Provided entries

::::::::

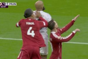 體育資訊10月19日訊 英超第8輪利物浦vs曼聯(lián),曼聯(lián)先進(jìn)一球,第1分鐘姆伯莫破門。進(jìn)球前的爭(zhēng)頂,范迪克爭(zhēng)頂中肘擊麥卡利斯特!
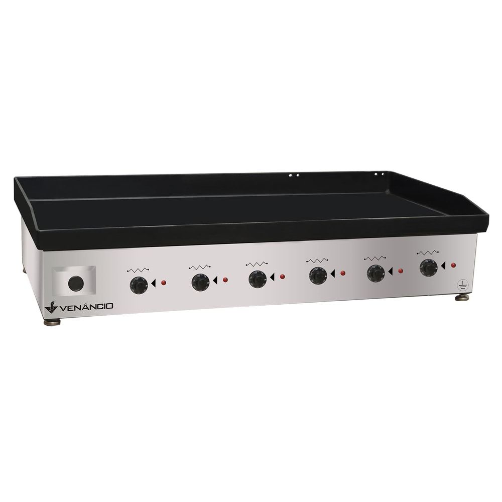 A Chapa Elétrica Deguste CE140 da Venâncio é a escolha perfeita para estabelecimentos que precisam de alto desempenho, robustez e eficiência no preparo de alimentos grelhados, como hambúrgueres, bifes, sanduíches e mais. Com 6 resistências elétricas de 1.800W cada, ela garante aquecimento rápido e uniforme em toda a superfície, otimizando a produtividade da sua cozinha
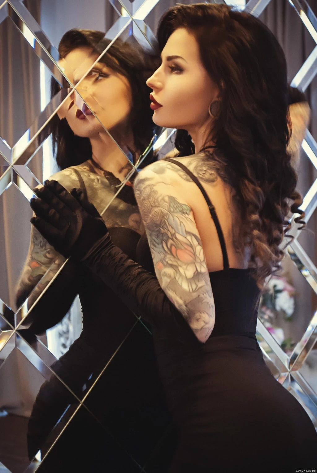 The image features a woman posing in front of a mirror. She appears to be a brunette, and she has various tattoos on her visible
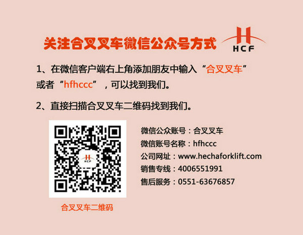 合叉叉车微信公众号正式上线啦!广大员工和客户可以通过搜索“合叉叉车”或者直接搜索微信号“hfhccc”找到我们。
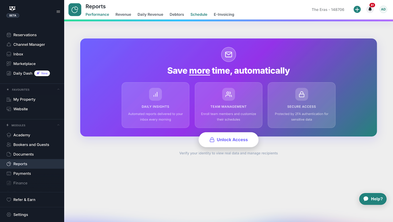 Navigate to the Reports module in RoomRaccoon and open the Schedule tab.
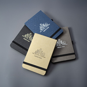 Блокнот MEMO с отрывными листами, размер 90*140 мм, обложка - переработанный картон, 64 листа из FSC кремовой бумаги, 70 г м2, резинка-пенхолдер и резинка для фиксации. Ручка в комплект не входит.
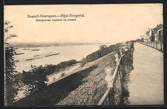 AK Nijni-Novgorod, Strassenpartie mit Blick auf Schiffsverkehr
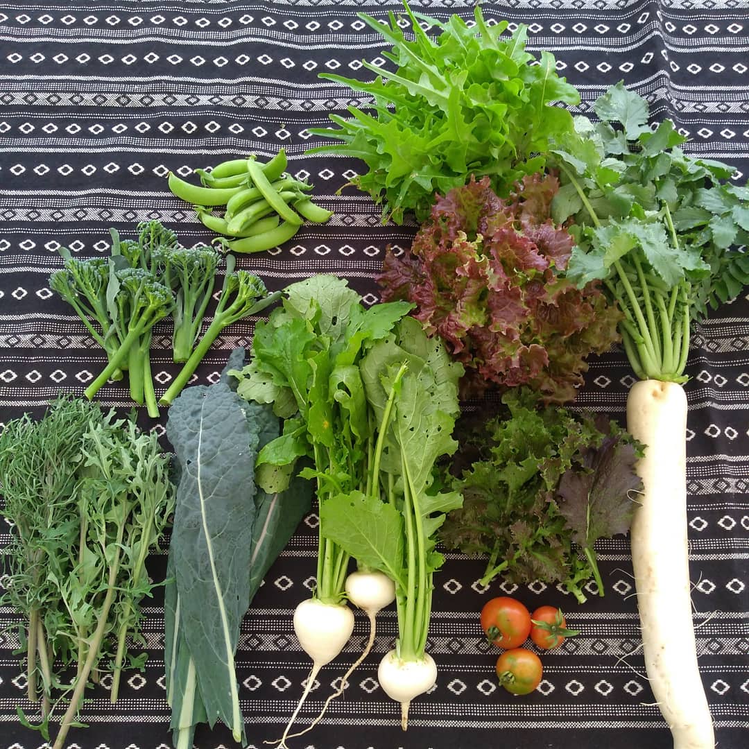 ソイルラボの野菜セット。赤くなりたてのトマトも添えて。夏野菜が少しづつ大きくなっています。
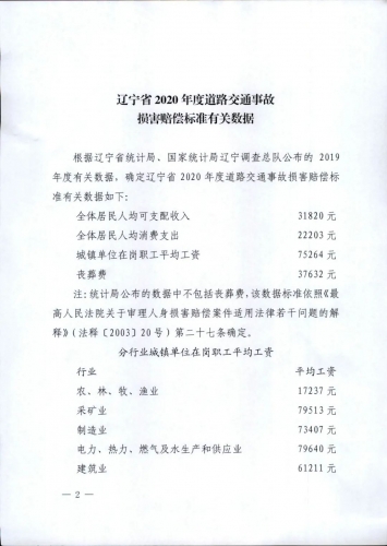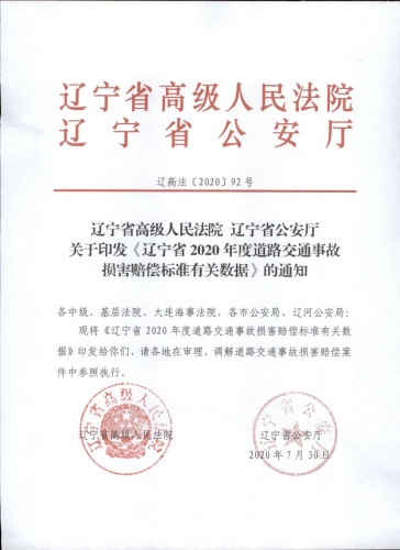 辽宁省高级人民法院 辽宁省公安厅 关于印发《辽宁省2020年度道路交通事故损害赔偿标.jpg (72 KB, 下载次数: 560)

::::::::

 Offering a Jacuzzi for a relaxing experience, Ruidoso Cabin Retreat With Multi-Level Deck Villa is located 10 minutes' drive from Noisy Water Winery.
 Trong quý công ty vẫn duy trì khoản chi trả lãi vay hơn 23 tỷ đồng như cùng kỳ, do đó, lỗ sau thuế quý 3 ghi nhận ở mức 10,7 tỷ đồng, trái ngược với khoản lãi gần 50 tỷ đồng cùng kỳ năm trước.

::::::::

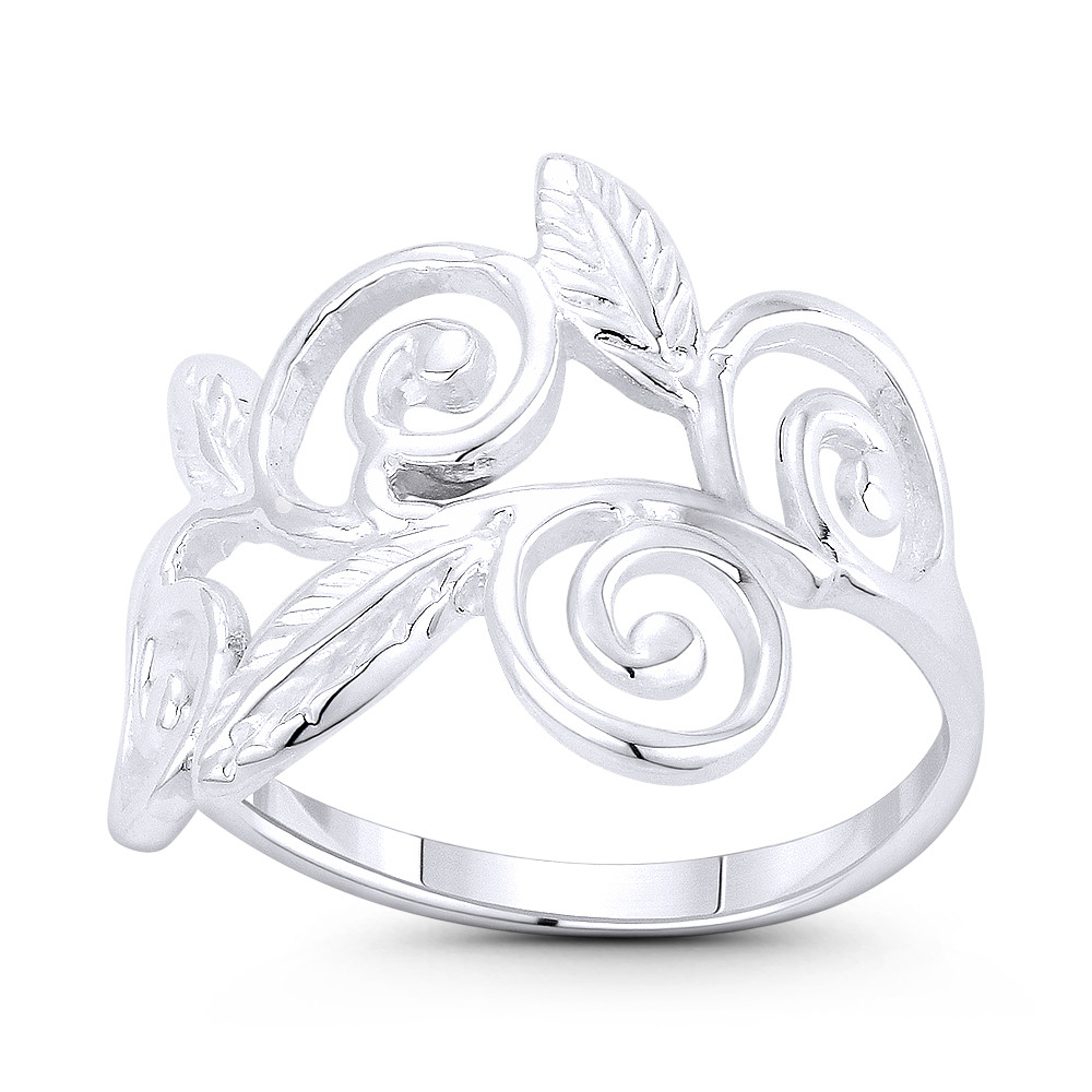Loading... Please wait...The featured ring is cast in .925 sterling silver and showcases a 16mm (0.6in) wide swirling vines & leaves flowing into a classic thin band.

::::::::

Task details
Exact repeat of the material above: every line from the one with "ソイルラボの野菜セット。赤く" through the one with "辽宁省高级人民法院 辽宁省公安厅 关于印发《辽宁省2020年度道路交通事故损害赔偿标.jpg", endpoints included, and nothing more. No pictures.

Finished task
 ソイルラボの野菜セット。赤くなりたてのトマトも添えて。夏野菜が少しづつ大きくなっています。
 辽宁省高级人民法院 辽宁省公安厅 关于印发《辽宁省2020年度道路交通事故损害赔偿标.jpg (72 KB, 下载次数: 560)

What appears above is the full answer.